_Exercise prompt_. All lines in the records below from the line with "公園に突き出た2F東にカフェ" through the line with "Priprema: U vatrostalnu" are to be given again exactly, both ends included; the pictures are to be left out.

_Data records_.
◇ ◇ ◇ ◇ ◇

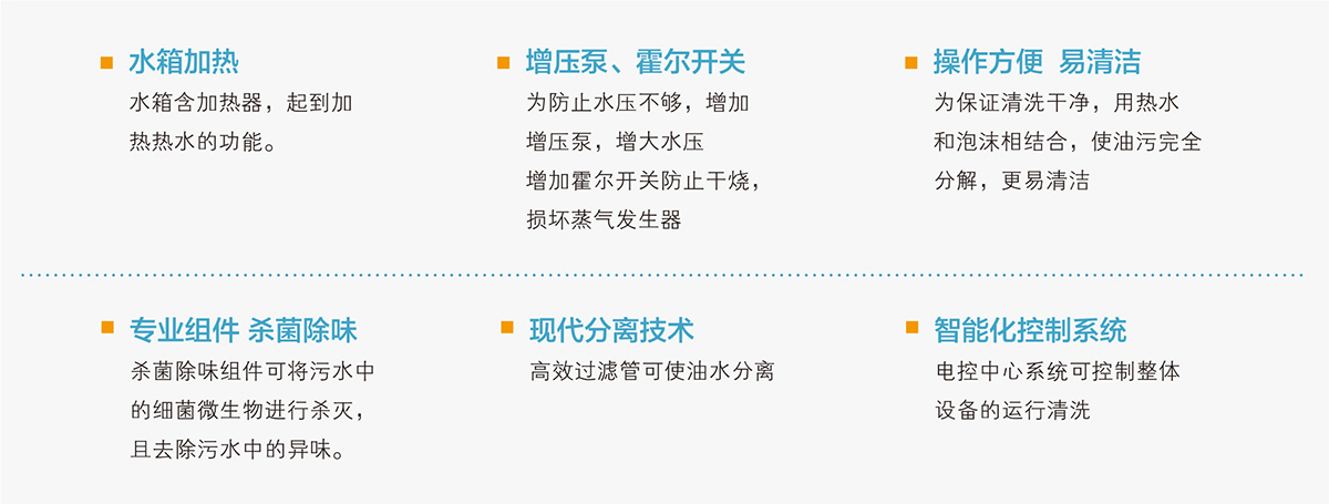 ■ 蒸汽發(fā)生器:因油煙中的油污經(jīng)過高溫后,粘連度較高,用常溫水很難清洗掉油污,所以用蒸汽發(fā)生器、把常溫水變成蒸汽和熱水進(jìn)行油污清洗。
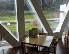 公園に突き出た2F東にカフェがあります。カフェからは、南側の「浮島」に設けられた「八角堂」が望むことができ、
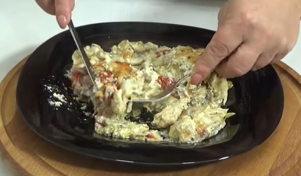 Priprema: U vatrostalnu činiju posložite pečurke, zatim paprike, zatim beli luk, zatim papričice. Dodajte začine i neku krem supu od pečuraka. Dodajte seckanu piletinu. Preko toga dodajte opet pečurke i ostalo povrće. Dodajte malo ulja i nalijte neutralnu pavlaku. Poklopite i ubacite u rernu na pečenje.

◇ ◇ ◇ ◇ ◇

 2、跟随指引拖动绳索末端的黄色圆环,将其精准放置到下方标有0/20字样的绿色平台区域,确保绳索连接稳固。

◇ ◇ ◇ ◇ ◇

_Answer to this task_.
 公園に突き出た2F東にカフェがあります。カフェからは、南側の「浮島」に設けられた「八角堂」が望むことができ、
 Priprema: U vatrostalnu činiju posložite pečurke, zatim paprike, zatim beli luk, zatim papričice. Dodajte začine i neku krem supu od pečuraka. Dodajte seckanu piletinu. Preko toga dodajte opet pečurke i ostalo povrće. Dodajte malo ulja i nalijte neutralnu pavlaku. Poklopite i ubacite u rernu na pečenje.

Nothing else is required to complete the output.